Bobby Zombie (thinking): Some of us are out cold and some of us are in cold!
Bobby Zombie (thinking): I can't pry the remote from her hand!
Bobby Zombie (thinking): Rigor mortis versus rigor mortis?
Bobby Zombie (thinking): Now I'm in limbo about what to do?
Bobby Zombie: Oof!
Bobby Body: Nyuk, nyuk, nyuk, nyuk, nyuk, nyuk!
Bobby Zombie (thinking): I'm.......uh.....He's doing the Curley Shuffle! Nice footwork, I have to remember to add this part of the Curley program to my Dance program choices!
(we see the Bobbies from the waist up in the foreground)
Bobby Zombie (thinking): He's smearing me and with good reason! I reviewed all of the episodes of the Three Stooges in which Curley and Moe duked it out and statistics showed me they were equally matched!
Bobby Zombie (thinking): But then the tie was broken because I found the all important missing Lost Episode!
Bobby Zombie (thinking): And he's smearing me, not surprisingly, since it's fairly easy to whip a dead person!
(We see the zombie approaching the telephone)
Bobby Ghost (thinking): Useless! All of the bones are broken!
Bobby Ghost (thinking): This dead body is completely dead!
Zombie: Hello, it's about time you called! Do you know how long I've been waiting for you?
Zombie: Six hours! So, what's the idea of transporting me to the wrong place? Is this how you treat all of your first class customers?
Zombie: You can bet my lawyers are going to hear about this!
Bobby Ginger: Hey, this is the wrong remote!
Bobby Ginger: My Bobby Body is wearing the suit I sleep in every night! I must have forgotten to change this morning when I woke up!
Voice from the telephone: I hope you're taking me to the right destination this time!

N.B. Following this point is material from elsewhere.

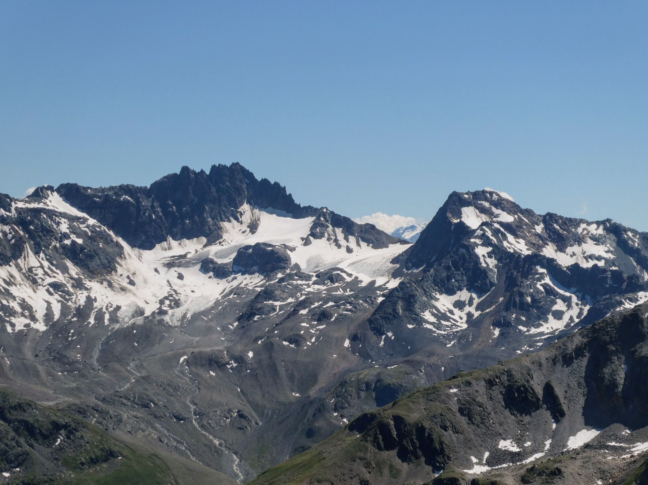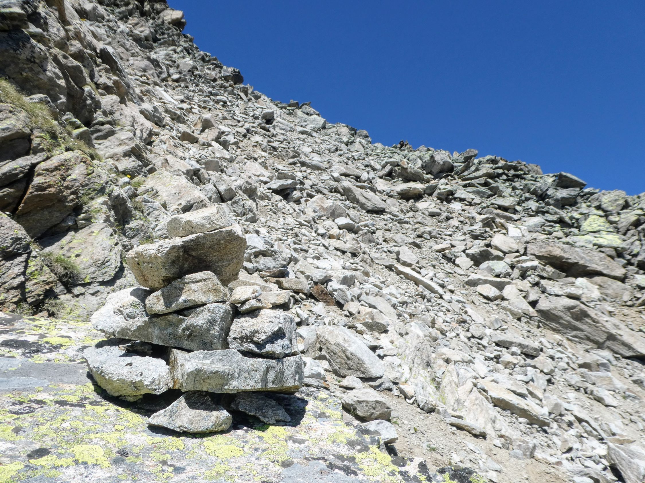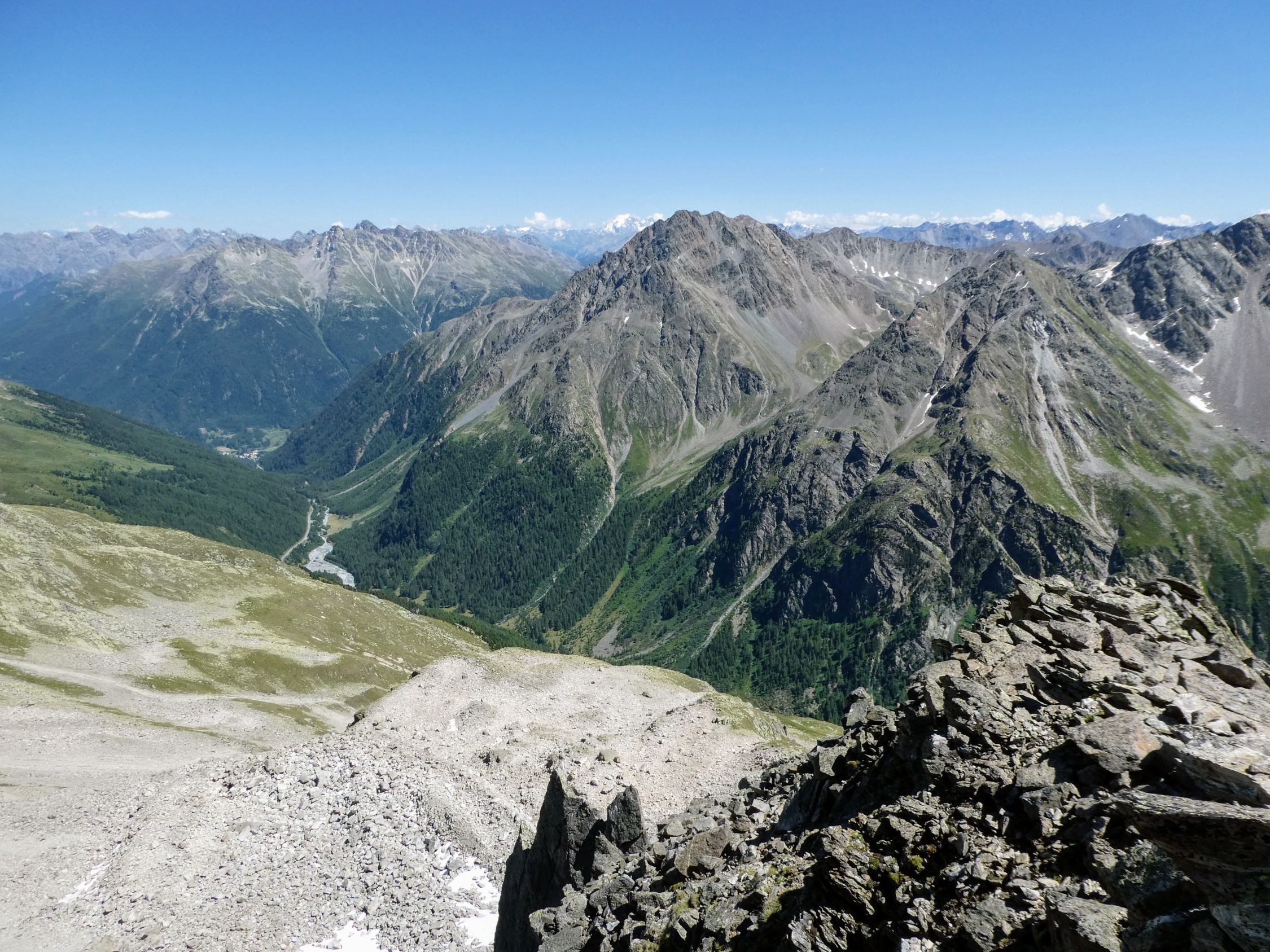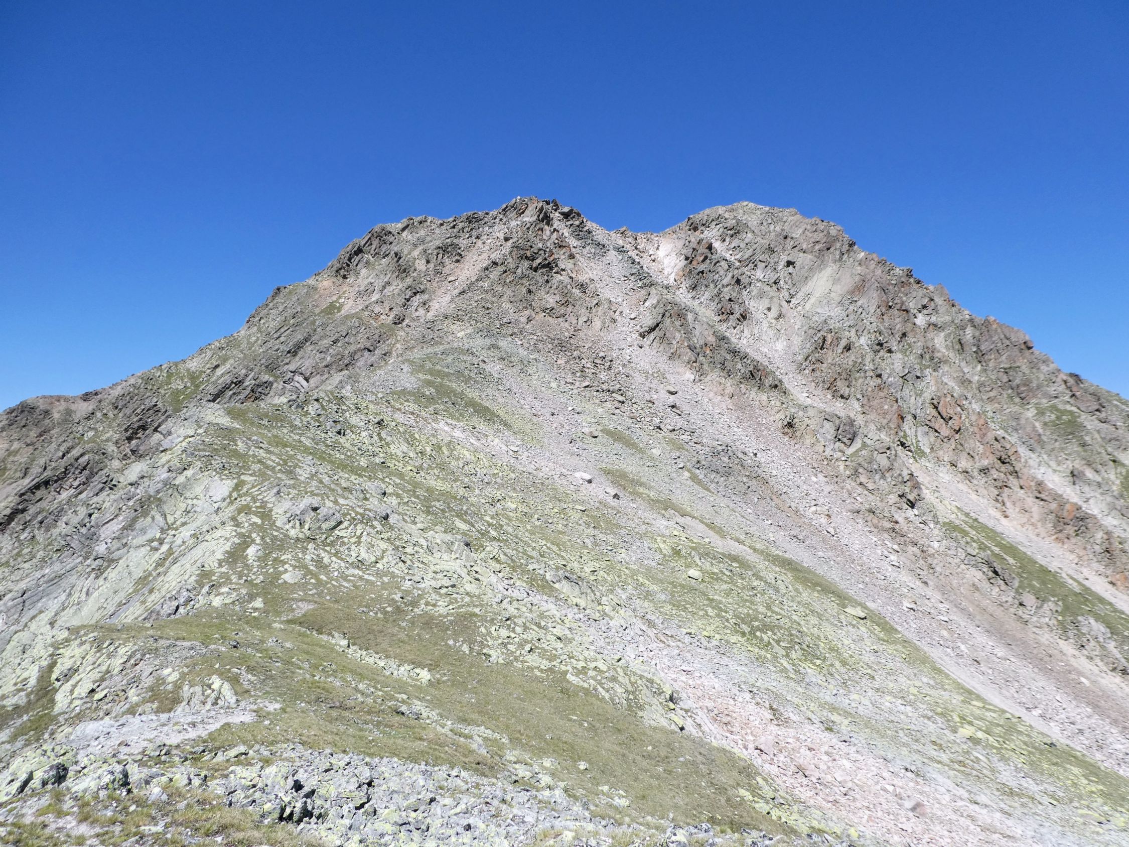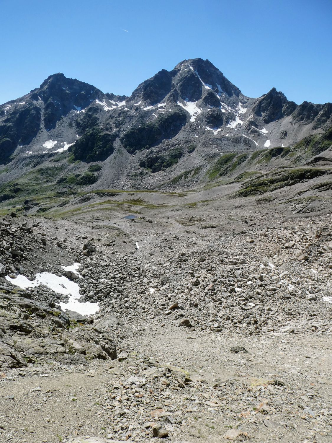 Ich stieg heute über die Normalroute (SAC-Führer Silvretta, Unterengadin, Münstertal, Route 340) auf den Gipfel (unten T3, oben T4) und wählte für den Abstieg eine breite Rinne nach Nordwesten, um über Tantermozza Chant Sura wieder zum Aufstiegsweg bei Pkt.2330 zu gelangen.
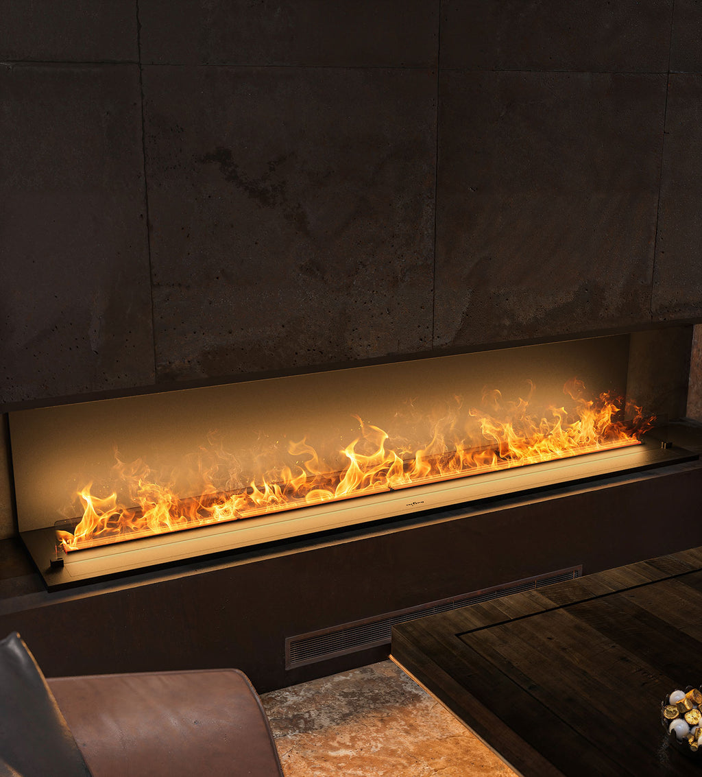Il caminetto a vapore Infire Inside Invapo C2200 Multicolor è uno spettacolare elemento di design progettato per grandi spazi. Questo caminetto da incasso utilizza due cassette Optimyst da 1000 mm per creare una linea di fuoco di 2 metri, offrendo un effetto fiamma naturale e diffusa. La cornice a forma di C conferisce un tocco di leggerezza e modernità, permettendo di ammirare l'effetto realistico del fuoco da diverse angolazioni.

Voice: And I hope you're serving meals on this flight, this stupid ordeal has left me really hungry!
Bobby Ginger: Simple remedy! Clicking it off will restore everything back to normal!
Bobby Body: Nyuk! Nyuk! Nyuk!
Bobby (thinking): A simple out-of-body inexperience!
Bobby (thinking): I should have recognized what was going on automatically because of all of the surreality in effect!
Bobby: Ginger, where are you?
Ginger: Oh, of course you are! I must have fallen asleep!
Bobby (thinking): That's because my Lucid Dream State program was running in full conscious mode and it affects anyone that happens to be within my immediate environment!
Bobby (thinking): Thank goodness this wide-awake subconscious state has no real side effects on normal people!